**Input data:**
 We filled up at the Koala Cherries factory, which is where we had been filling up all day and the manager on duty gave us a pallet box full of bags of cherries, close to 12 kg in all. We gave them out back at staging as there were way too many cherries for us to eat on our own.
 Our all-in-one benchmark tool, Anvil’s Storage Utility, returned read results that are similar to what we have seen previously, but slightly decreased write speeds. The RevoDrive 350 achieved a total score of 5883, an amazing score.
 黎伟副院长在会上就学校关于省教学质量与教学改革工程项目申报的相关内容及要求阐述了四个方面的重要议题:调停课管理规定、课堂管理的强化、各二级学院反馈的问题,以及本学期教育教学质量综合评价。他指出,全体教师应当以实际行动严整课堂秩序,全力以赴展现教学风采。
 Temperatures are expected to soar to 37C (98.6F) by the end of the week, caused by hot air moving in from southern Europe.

==

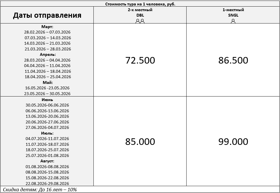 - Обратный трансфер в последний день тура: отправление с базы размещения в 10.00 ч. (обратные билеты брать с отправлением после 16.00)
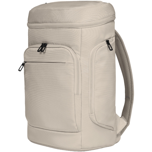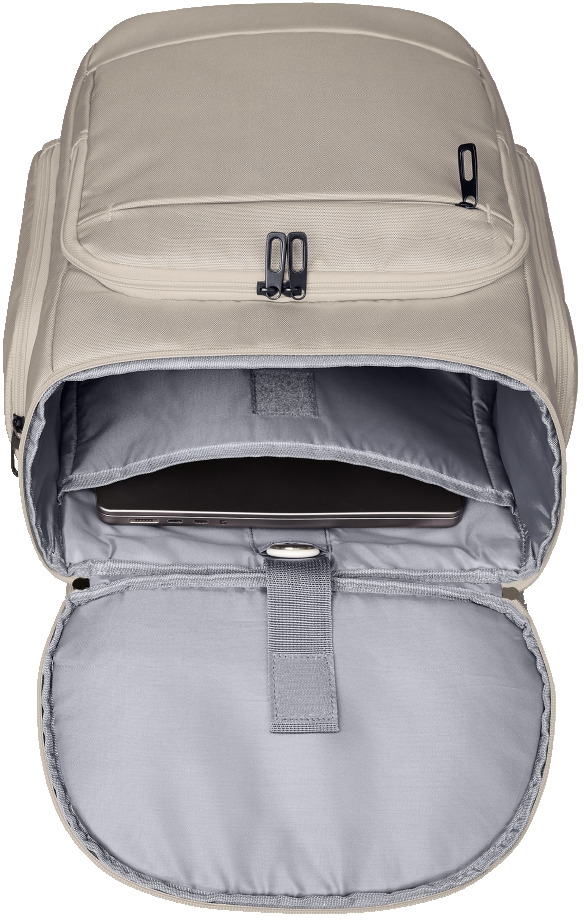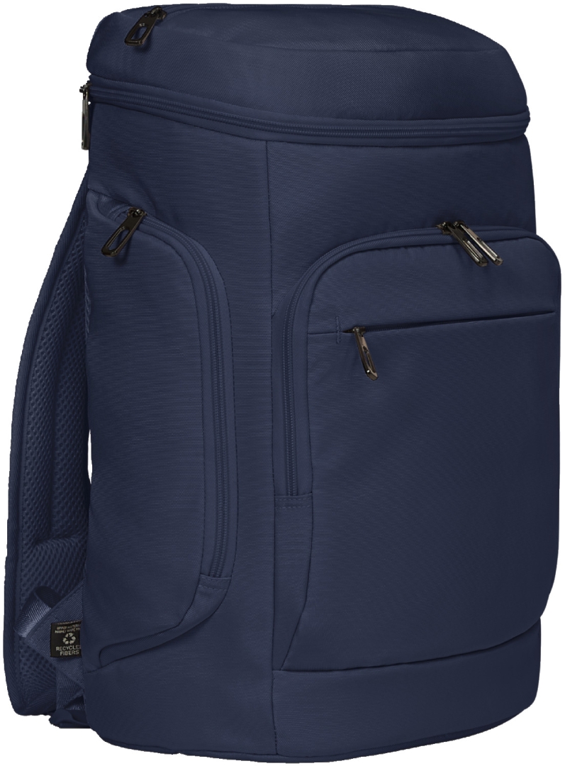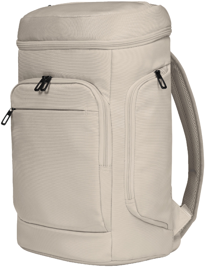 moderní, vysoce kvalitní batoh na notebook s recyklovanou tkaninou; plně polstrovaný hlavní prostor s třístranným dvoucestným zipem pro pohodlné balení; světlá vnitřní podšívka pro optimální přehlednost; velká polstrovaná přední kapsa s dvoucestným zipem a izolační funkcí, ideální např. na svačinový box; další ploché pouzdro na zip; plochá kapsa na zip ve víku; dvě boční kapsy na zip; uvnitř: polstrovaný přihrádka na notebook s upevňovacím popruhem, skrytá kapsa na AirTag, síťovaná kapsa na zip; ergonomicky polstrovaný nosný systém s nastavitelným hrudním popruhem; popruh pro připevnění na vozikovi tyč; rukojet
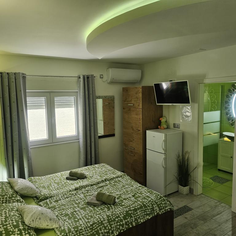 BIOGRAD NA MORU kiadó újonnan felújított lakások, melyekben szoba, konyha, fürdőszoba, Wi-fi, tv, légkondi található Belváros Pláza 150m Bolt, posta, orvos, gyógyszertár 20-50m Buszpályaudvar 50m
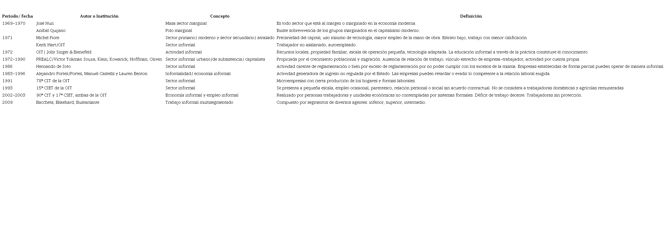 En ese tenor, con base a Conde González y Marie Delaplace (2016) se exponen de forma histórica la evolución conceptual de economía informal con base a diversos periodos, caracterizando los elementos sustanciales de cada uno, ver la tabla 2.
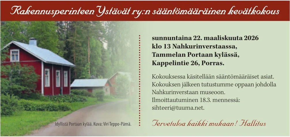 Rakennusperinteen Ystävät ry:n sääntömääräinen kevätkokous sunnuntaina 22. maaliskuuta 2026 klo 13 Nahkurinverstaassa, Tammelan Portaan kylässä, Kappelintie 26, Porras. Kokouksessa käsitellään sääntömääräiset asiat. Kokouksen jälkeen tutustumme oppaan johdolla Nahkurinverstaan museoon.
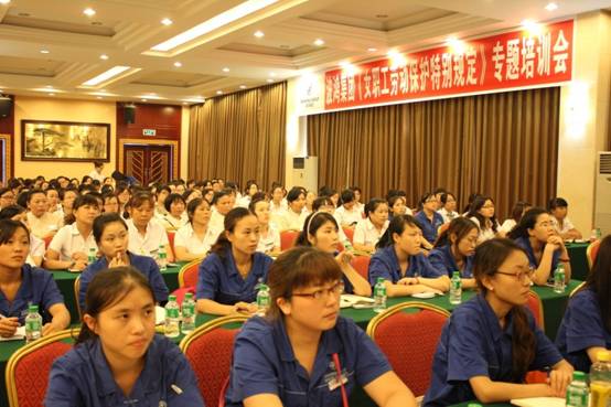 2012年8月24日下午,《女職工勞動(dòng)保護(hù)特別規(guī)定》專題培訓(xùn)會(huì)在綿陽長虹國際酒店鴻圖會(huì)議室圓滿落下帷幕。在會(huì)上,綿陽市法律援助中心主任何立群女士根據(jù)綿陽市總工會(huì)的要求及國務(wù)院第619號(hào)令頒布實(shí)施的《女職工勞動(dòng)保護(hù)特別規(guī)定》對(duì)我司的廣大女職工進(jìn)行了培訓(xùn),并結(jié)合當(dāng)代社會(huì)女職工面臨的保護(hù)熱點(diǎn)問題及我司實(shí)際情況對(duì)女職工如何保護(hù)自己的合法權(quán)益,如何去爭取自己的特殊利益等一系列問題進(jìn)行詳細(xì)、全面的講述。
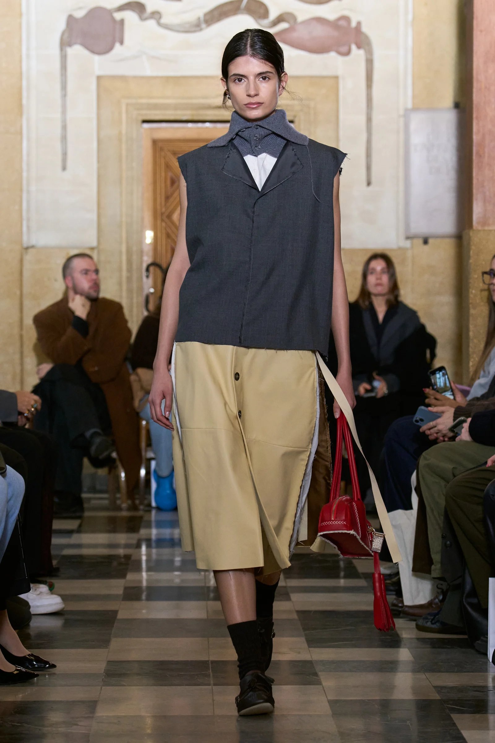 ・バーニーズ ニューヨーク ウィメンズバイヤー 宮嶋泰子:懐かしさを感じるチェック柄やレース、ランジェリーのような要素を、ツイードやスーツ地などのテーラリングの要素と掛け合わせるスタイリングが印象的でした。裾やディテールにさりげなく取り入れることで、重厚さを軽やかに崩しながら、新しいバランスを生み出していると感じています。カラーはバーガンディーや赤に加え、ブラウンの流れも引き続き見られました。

---

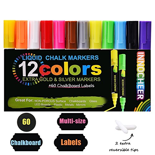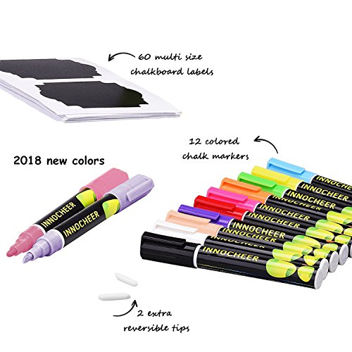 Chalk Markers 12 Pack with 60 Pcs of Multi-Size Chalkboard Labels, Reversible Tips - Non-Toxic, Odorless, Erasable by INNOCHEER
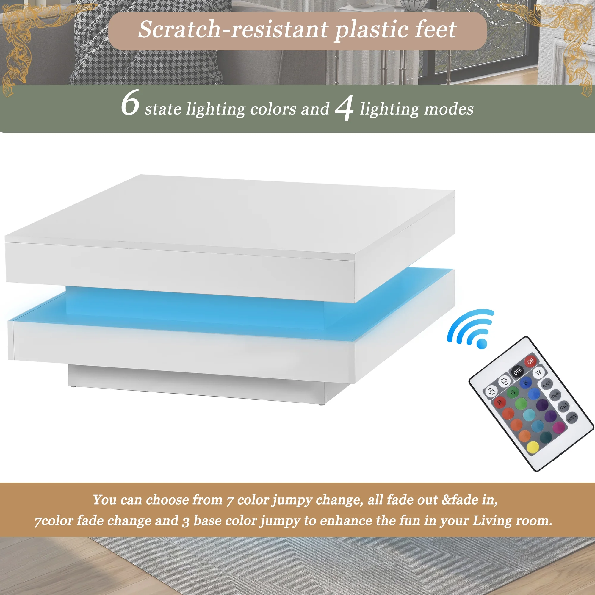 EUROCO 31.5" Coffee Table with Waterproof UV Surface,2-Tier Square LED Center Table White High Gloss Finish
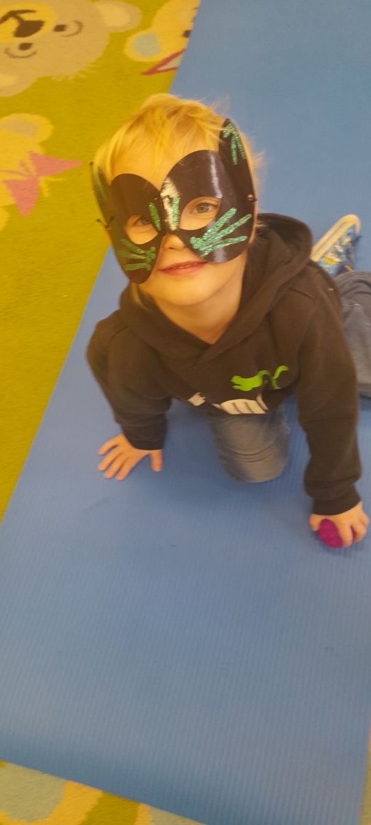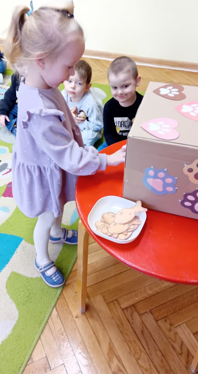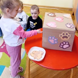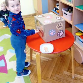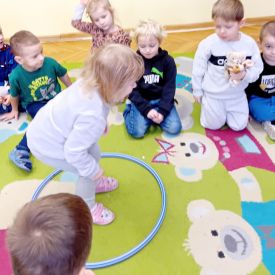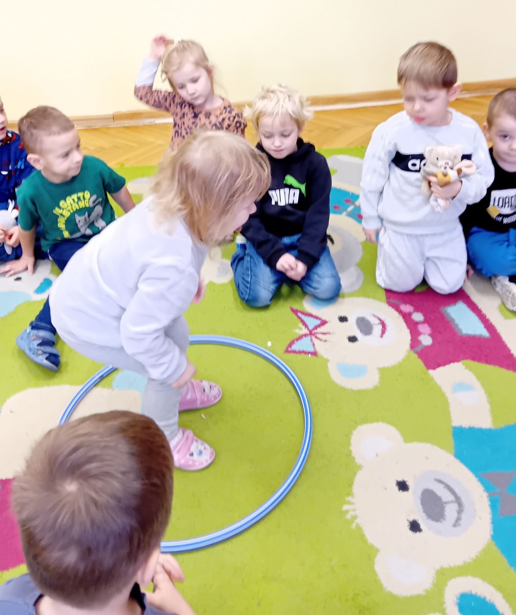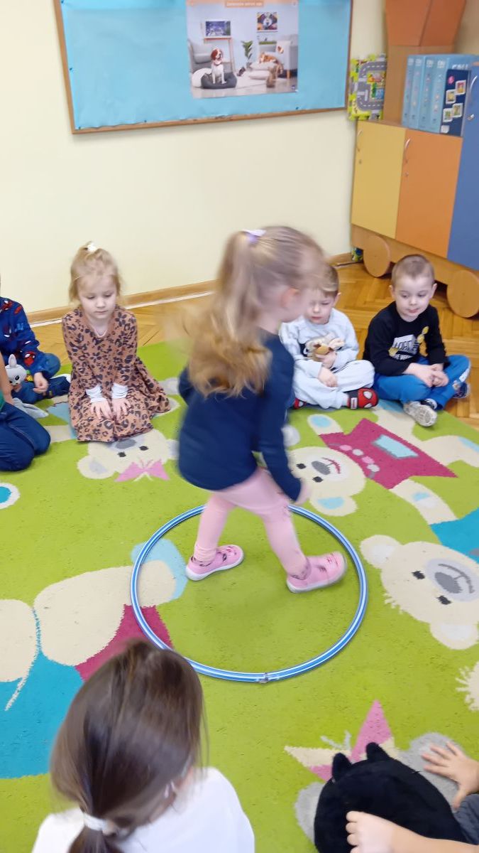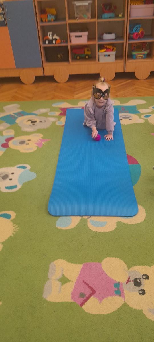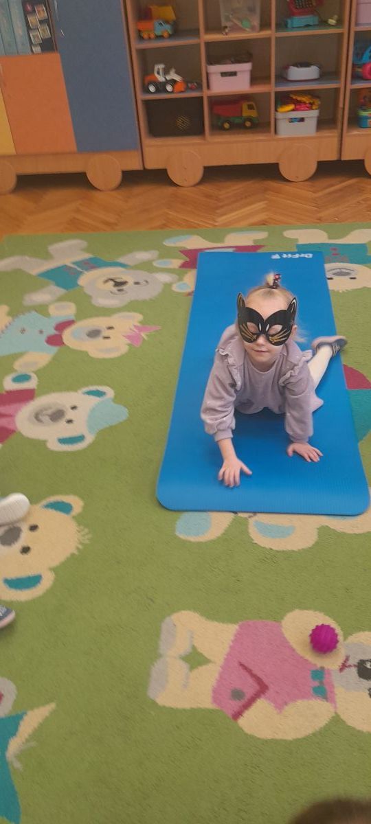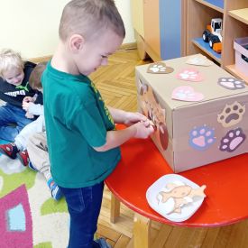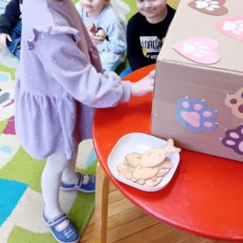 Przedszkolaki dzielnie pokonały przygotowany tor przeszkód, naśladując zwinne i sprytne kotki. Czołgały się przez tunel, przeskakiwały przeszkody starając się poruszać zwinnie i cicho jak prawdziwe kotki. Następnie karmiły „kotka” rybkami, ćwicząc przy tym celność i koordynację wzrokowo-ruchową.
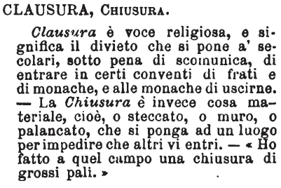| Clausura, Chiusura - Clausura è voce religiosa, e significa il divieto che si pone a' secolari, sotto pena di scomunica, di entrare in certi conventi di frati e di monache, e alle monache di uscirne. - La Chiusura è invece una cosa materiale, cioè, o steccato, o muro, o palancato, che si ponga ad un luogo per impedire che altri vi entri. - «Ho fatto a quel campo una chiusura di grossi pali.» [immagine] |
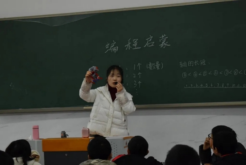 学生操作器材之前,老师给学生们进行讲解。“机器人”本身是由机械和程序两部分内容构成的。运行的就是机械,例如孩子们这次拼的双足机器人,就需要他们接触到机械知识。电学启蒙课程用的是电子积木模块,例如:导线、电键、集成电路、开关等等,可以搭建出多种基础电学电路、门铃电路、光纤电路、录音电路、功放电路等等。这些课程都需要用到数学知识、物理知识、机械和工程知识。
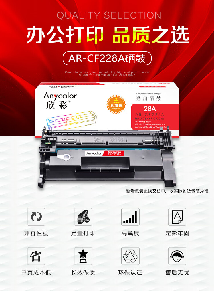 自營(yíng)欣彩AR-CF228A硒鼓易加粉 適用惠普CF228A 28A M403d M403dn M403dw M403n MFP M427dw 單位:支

**Task requirements:** The exact lines of the material above starting at the one that contains "We filled up" and ending at the one that contains "Temperatures are expected" are what to retype; leave out everything else.

**Output:**
 We filled up at the Koala Cherries factory, which is where we had been filling up all day and the manager on duty gave us a pallet box full of bags of cherries, close to 12 kg in all. We gave them out back at staging as there were way too many cherries for us to eat on our own.
 Our all-in-one benchmark tool, Anvil’s Storage Utility, returned read results that are similar to what we have seen previously, but slightly decreased write speeds. The RevoDrive 350 achieved a total score of 5883, an amazing score.
 黎伟副院长在会上就学校关于省教学质量与教学改革工程项目申报的相关内容及要求阐述了四个方面的重要议题:调停课管理规定、课堂管理的强化、各二级学院反馈的问题,以及本学期教育教学质量综合评价。他指出,全体教师应当以实际行动严整课堂秩序,全力以赴展现教学风采。
 Temperatures are expected to soar to 37C (98.6F) by the end of the week, caused by hot air moving in from southern Europe.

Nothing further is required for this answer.